● **Exercise prompt**
Only the lines below from the one containing "You know those" through the one containing "Kabler 25 cm" belong in the answer, repeated exactly and without pictures.

● **Source material**

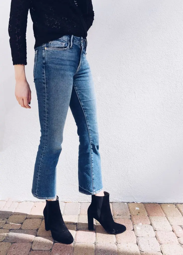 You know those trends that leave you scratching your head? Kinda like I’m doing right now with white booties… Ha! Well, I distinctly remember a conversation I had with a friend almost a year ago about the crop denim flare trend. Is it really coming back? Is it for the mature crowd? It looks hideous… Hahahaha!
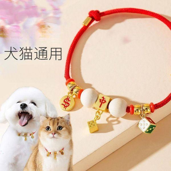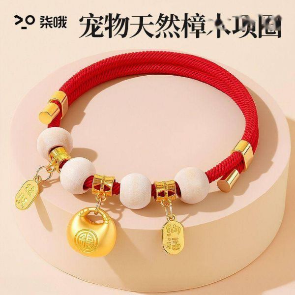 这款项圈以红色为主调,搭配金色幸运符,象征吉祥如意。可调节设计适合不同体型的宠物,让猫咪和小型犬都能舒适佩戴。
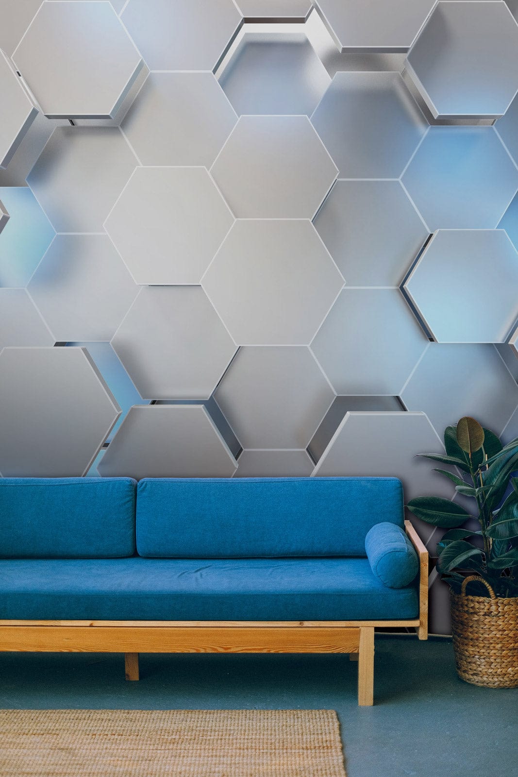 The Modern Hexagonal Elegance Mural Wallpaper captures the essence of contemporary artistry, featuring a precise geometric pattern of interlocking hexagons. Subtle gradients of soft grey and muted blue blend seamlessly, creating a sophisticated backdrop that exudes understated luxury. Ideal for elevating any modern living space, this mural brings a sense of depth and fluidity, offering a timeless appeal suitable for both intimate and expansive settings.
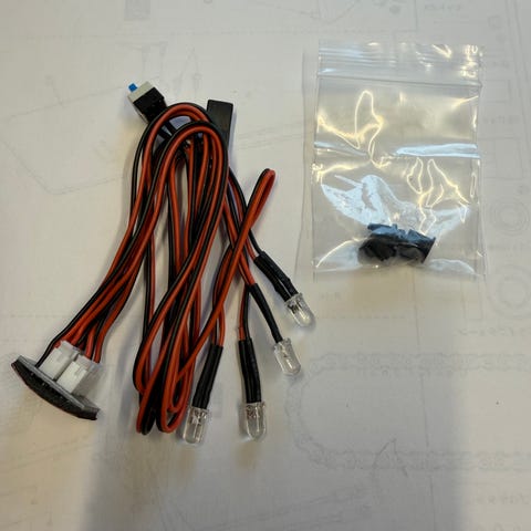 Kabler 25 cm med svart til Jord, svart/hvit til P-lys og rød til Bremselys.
--
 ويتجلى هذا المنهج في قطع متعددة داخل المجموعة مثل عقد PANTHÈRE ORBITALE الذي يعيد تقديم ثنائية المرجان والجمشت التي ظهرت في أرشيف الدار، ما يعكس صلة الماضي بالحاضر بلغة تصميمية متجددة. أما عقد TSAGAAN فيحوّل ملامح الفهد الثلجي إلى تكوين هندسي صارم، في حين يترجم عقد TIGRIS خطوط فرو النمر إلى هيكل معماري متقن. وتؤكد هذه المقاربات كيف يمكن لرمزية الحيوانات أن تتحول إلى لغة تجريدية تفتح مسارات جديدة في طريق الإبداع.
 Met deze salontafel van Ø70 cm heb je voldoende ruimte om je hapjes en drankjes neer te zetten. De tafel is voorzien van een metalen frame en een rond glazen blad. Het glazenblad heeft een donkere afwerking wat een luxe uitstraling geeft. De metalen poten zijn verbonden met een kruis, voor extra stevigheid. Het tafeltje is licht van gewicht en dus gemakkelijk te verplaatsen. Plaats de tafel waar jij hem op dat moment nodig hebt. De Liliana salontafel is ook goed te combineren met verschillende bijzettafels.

● **Answer to the problem**
 You know those trends that leave you scratching your head? Kinda like I’m doing right now with white booties… Ha! Well, I distinctly remember a conversation I had with a friend almost a year ago about the crop denim flare trend. Is it really coming back? Is it for the mature crowd? It looks hideous… Hahahaha!
 这款项圈以红色为主调,搭配金色幸运符,象征吉祥如意。可调节设计适合不同体型的宠物,让猫咪和小型犬都能舒适佩戴。
 The Modern Hexagonal Elegance Mural Wallpaper captures the essence of contemporary artistry, featuring a precise geometric pattern of interlocking hexagons. Subtle gradients of soft grey and muted blue blend seamlessly, creating a sophisticated backdrop that exudes understated luxury. Ideal for elevating any modern living space, this mural brings a sense of depth and fluidity, offering a timeless appeal suitable for both intimate and expansive settings.
 Kabler 25 cm med svart til Jord, svart/hvit til P-lys og rød til Bremselys.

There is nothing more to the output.